WHAT YOU SHOULD DO:
Please reproduce the entries below exactly from the line holding "Ранним утром 10" through the last line, both included, and omit any pictures.

==== RECORDS PROVIDED ====

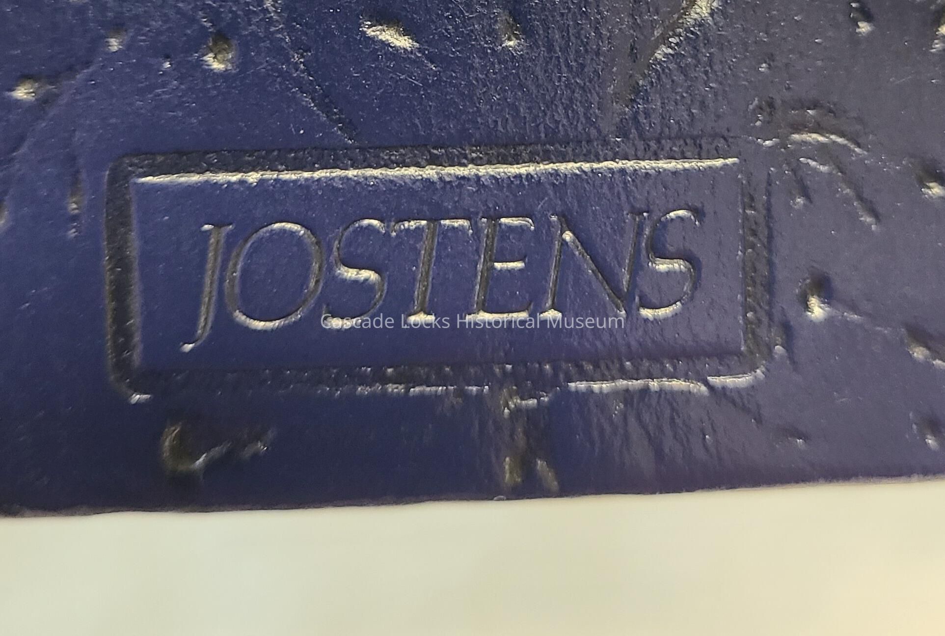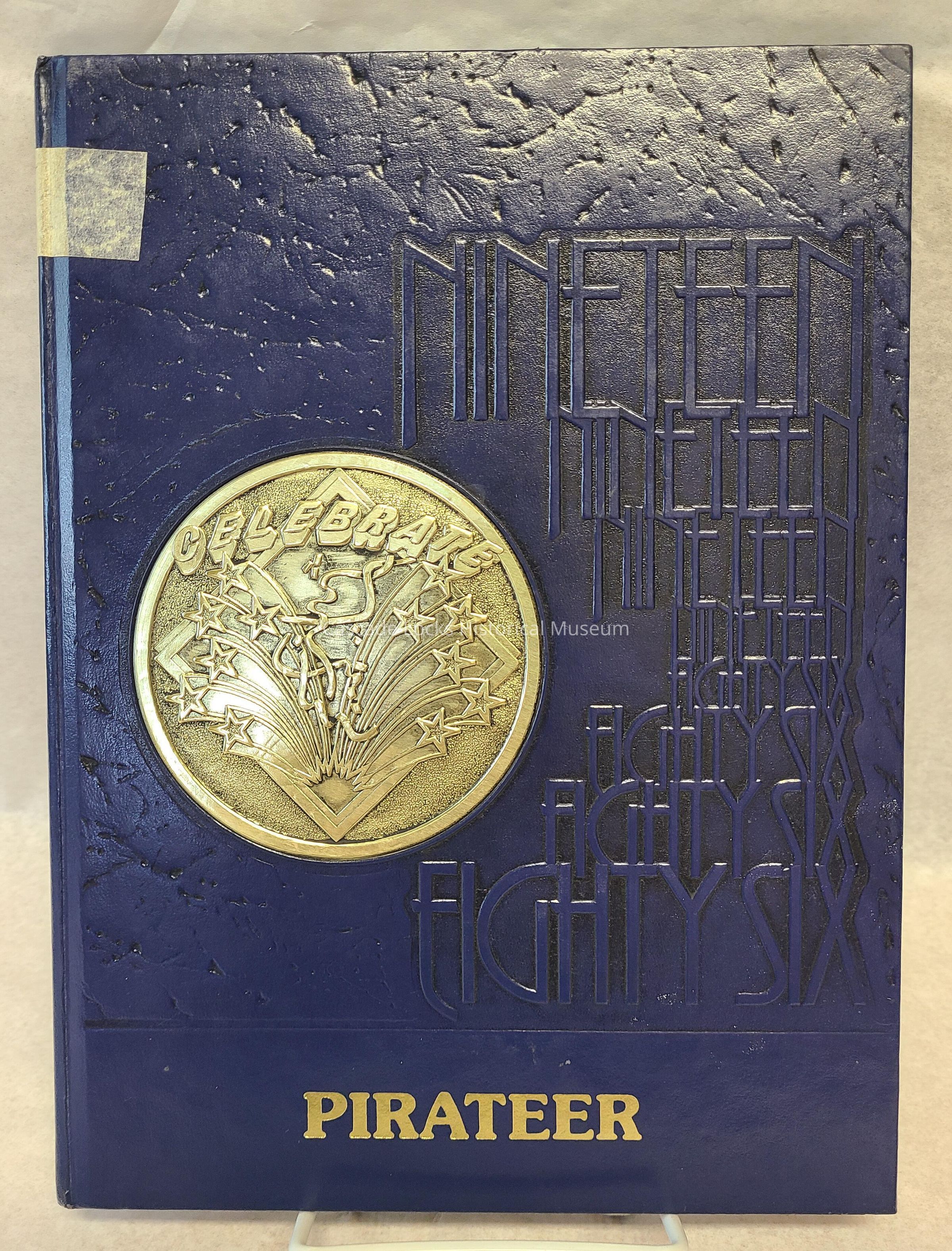 Yearbook, Cascade Locks High School 1985-1986. Cover is textured navy blue with embossed writing and gold medallion.
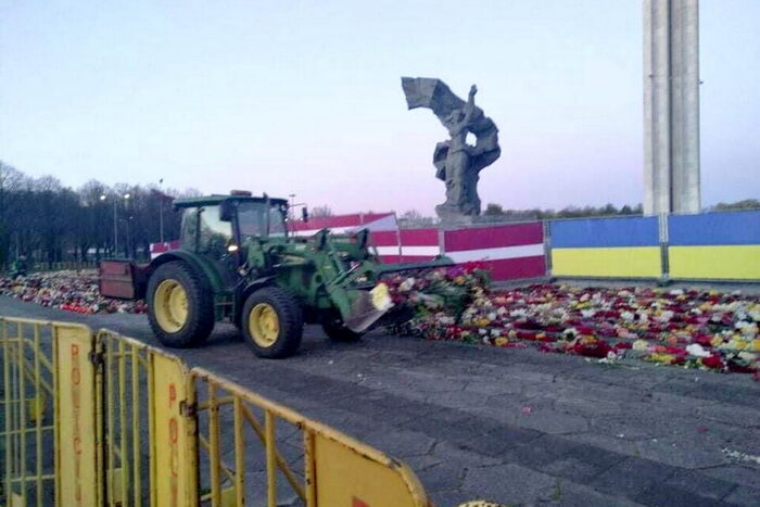 Ранним утром 10 мая латыши решили убрать наши цветы у Монумента. Вручную не удалось, слишком много. Потому подогнали бульдозер и несколько грузовиков…
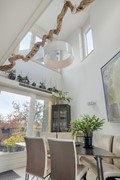 De woonkamer met hoge plafonds en raampartijen voelt luchtig en is ruim van opzet waarbij het eenvoudig is om zowel een comfortabele zithoek te creëren als een royale eetgedeelte – perfect voor diners of ontspannen avonden.
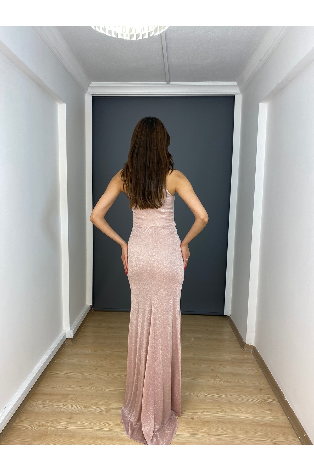 Pudra Stefani Yaka Simli Esnek Kumaş Yırtmaçlı Uzun Abiye Elbise Pudra Stefani Yaka Simli Esnek Kumaş Yırtmaçlı Uzun Abiye Elbise g4010 48
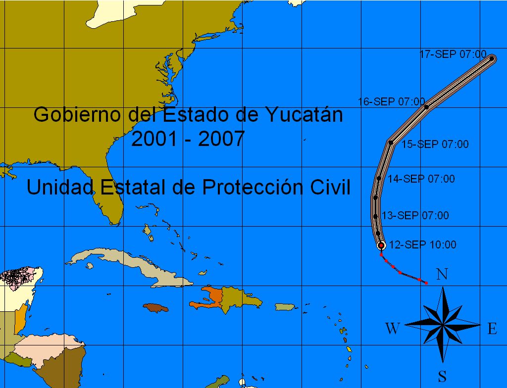 Distancia del centro de la tormenta tropical al Estado de Yucatán: 3,015 Kms. de San Arturo, Tizimín

====

ANSWER SPACE:
 Ранним утром 10 мая латыши решили убрать наши цветы у Монумента. Вручную не удалось, слишком много. Потому подогнали бульдозер и несколько грузовиков…
 De woonkamer met hoge plafonds en raampartijen voelt luchtig en is ruim van opzet waarbij het eenvoudig is om zowel een comfortabele zithoek te creëren als een royale eetgedeelte – perfect voor diners of ontspannen avonden.
 Pudra Stefani Yaka Simli Esnek Kumaş Yırtmaçlı Uzun Abiye Elbise Pudra Stefani Yaka Simli Esnek Kumaş Yırtmaçlı Uzun Abiye Elbise g4010 48
 Distancia del centro de la tormenta tropical al Estado de Yucatán: 3,015 Kms. de San Arturo, Tizimín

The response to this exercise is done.